◆ What you have to do:
Pictures excluded, copy word for word the lines from the one holding "10月25日,开元平台马克思主义学院陈亮教授以第一作者身份在Personality and Individual" through the last line below.

====== Input data

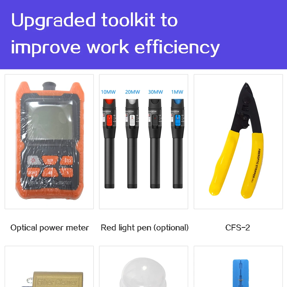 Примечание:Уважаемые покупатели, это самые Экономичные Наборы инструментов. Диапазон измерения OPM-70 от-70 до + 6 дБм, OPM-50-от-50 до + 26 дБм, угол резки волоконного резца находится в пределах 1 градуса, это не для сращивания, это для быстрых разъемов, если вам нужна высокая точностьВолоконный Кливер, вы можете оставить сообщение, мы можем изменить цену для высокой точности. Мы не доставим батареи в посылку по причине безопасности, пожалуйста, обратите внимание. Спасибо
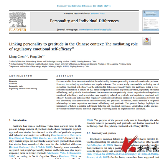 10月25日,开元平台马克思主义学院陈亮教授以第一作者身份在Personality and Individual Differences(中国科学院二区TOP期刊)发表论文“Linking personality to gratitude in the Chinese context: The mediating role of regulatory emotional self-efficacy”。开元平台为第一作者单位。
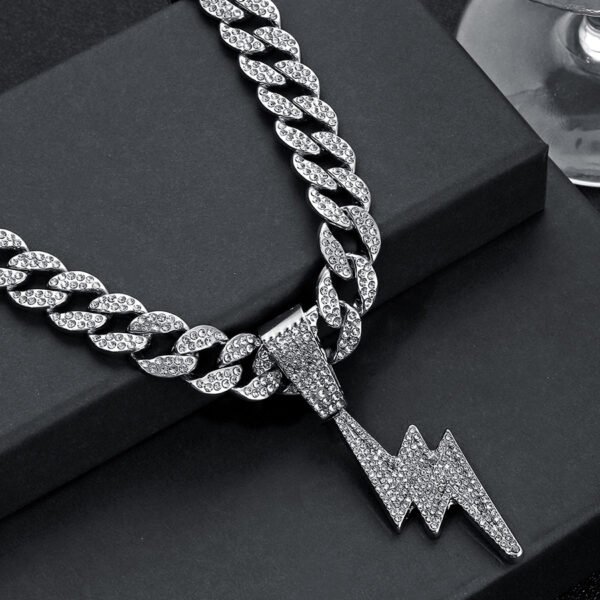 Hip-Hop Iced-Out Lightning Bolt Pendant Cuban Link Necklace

============

◆ Written reply:
 10月25日,开元平台马克思主义学院陈亮教授以第一作者身份在Personality and Individual Differences(中国科学院二区TOP期刊)发表论文“Linking personality to gratitude in the Chinese context: The mediating role of regulatory emotional self-efficacy”。开元平台为第一作者单位。
 Hip-Hop Iced-Out Lightning Bolt Pendant Cuban Link Necklace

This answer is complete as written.